Efficient Way to construct triangles from Edges/Lines?

Question

Lets say I have a set of points and I have lines/edges between them. All of these edges create non-overlapping triangles within the convex hull of my points. All points are connected to triangles.

How can I efficiently check which points are part of which triangle? I could check incident points of each edge and gradually construct a triple of points, but that sounds awefully slow (o(n^2)?). Is there something like linesweep or so to do that?

cheers.

Answer 1

The edges define an undirected graph G and the triangles are the set of cycles in G with length=3.

Geometric triangulations typically have relatively low nodal degree (degree d is the number of edges adjacent to each node, d<=10 is typical for geometric triangulations) and, as such, here is a reasonably efficient O(n*d^3) algorithm that can be used to construct the set of triangles.

1. Setup a graph-like data structure, supporting access to the list of edges adjacent to each node.

2. Iterate over all nodes. Consider all pairs of edges adjacent to a given node i. For a given pair of edges adjacent to i, we have a potential nodal triplet i,j,k. This triplet is a triangle if there is an edge joining nodes j,k, which can be checked by scanning the edge lists of j,k.

Duplicate triangles will be generated by a naive implementation of (2). Maintain a hash table of triangles to reject duplicate triplets as they're considered.

I've assumed that the edges define a valid disjoint triangulation, being non-intersecting, etc.

Hope this helps.

Answer 2

If you have a 2-dimensional set-up like you described, then you have a fully triangulated planar graph (no intersecting edges when you exclude the endpoints) which spans the convex hull of your points. In this case, if you sort the edges around each vertex circularly according to the angle they make with the vertex, then you know for sure that each pair of adjacent edges makes a triangle. Furthermore, every triangle can be found this way if you perform this procedure for each vertex. Each triangle will be found 3 times when you iterate over all vertices. You can either use a hash table to detect duplicates, or sort all your triangles when you are done to identify duplicates.
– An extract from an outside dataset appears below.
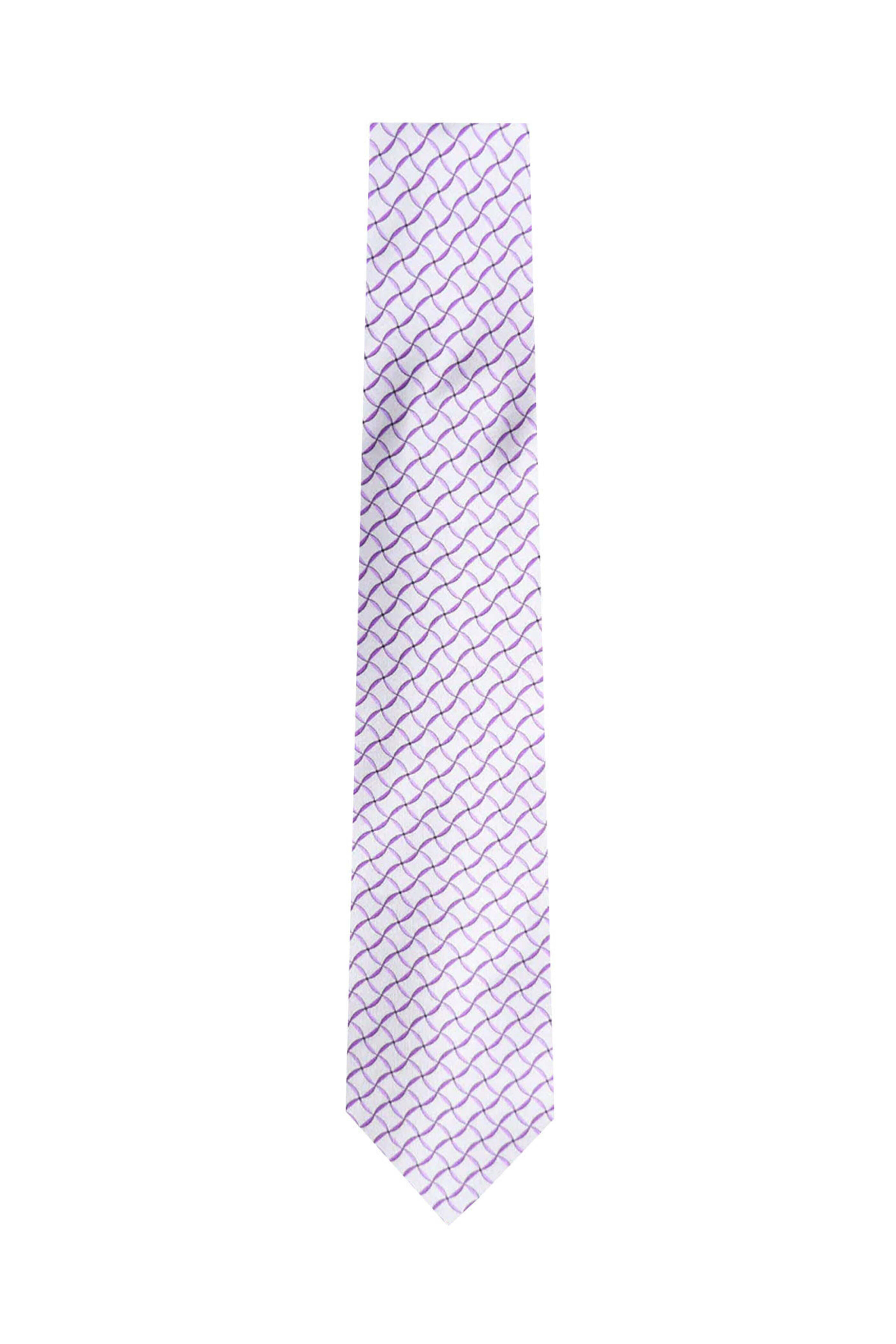Dolcepunta Purple and Grey Groovy Square Silk 11 Fold Tie. Eleven-fold tie. 59 L x 3.5 W. Made in Italy. Dry clean only. 100% Silk.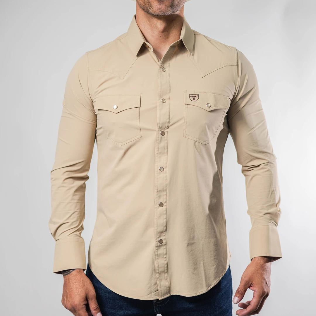 Camisa Vaquera Platini, Lisa, Color Beige, Ligera, Broches de presion, Manga Larga, Stretch, Material 90% Nylon y 10% Spandex, Corte Regular, SKU# PLA1071 *Modelo Mide 1.80, pecho 1.12 mts y usó talla M

If you use hash table, then the overall complexity if you have V vertices is O(V log d), where d is the maximum degree of a vertex (because the total number of edges is linear in the number of vertices because you have a planar graph). So absolute worst-case is O(V log V), which is the same worst-case if you sort all triangles to find duplicates (because the max number of triangles is also linear in the number of vertices). The only caveat to make this work is that you need to know the neighbor vertices (i.e. the incidental edges) for each vertex.